People always have and always will die (1). Palliative care has now come out of hospices and is accepted as a mainstream specialty; it is influencing care across the NHS. In Wales a care pathway, developed from the work of Ellershaw and colleagues (2), is being rolled out across the whole region, throughout various care settings, including acute hospitals and nursing homes.

The aim is to improve care of the dying patient through implementation of agreed evidence-based clinical guidelines, facilitated by the introduction of the care pathway. The Clinical Effectiveness Support Unit and the National Assembly of Wales are supporting the process and evaluation.

The pilot study in Bangor has demonstrated significant changes in practice, with improved analgesic prescribing. The availability of analgesics as required for pain control rose from 72% to 98% when the care pathway was implemented. The Care Pathway hence anticipates potential problems and empowers carers and nurses to give timely and effective interventions.

The pathway ensures that the diagnosis of ‘dying’ is not attached inappropriately, either too early or late. The relatives are informed of anticipated events and retain choices and control.

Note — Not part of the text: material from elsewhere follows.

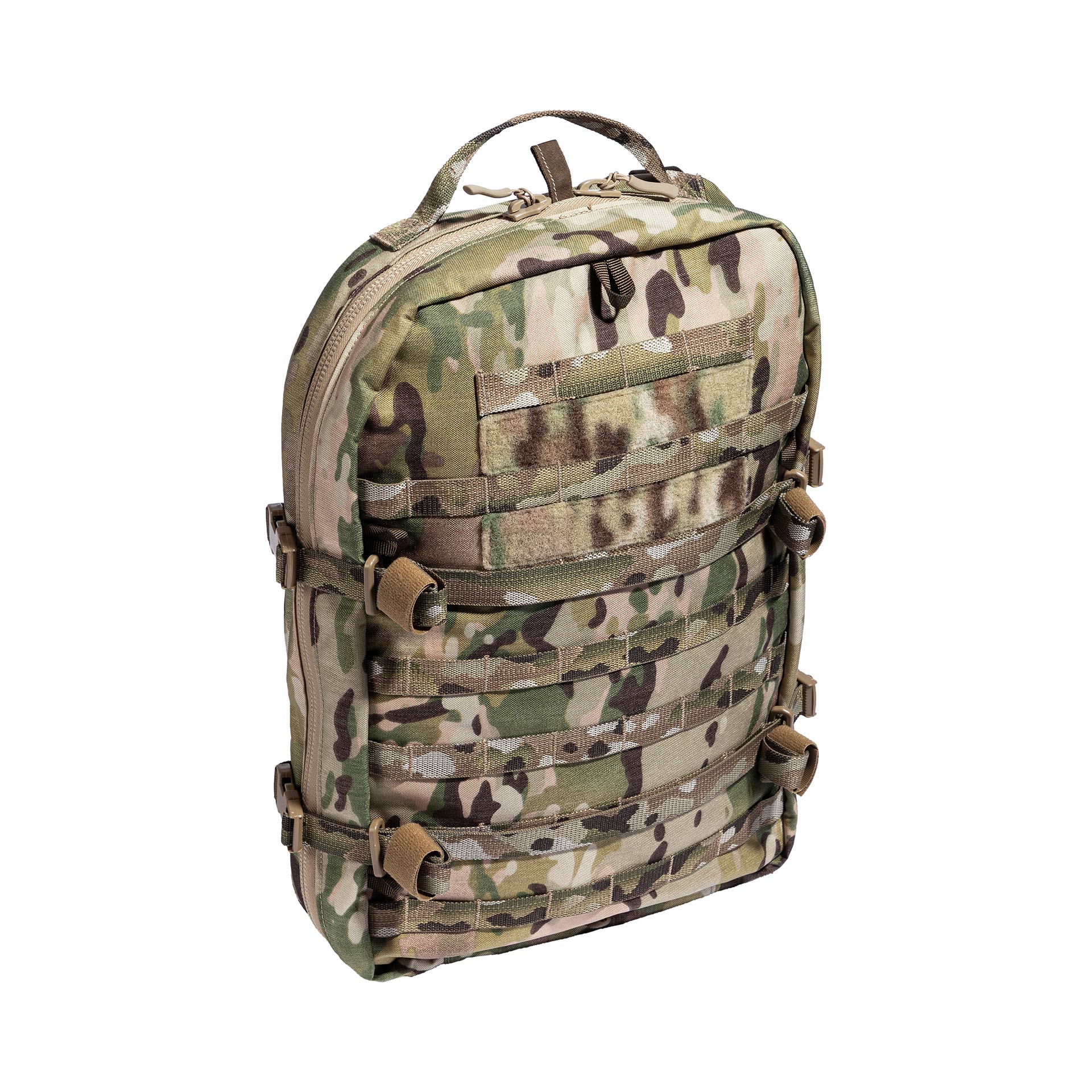 Außen sind 20mm MOLLE/PALS Reihen zur Aufnahme zusätzlicher Taschen oder Ausrüstung integriert. Im Inneren verfügt die Rückentasche teilweise über MOLLE/PALS zur gezielten Erweiterung deines Set-ups. In den Farben Multicam® und 5fb-Flecktarn ist das Gurtband auf der Außenseite im passenden Tarnmuster.

We agree with many of the principles of a good death (3); indeed they underpin the pathway. We do not prescribe a lingering death, but all must be aware that the very precise moment of death is unpredictable and not in our nor anyone else’s control.

Yours faithfully

Andrew Fowell
Macmillan Consultant in Palliative Medicine, Ysbyty Gwynedd, Bangor

Ilora Finlay
Professor or Palliative Medicine and Marie Curie Consultant, University of Wales College of Medicine, Cardiff

1. Smith R. A good death . BMJ 2000;320:129-130 ( 15 January)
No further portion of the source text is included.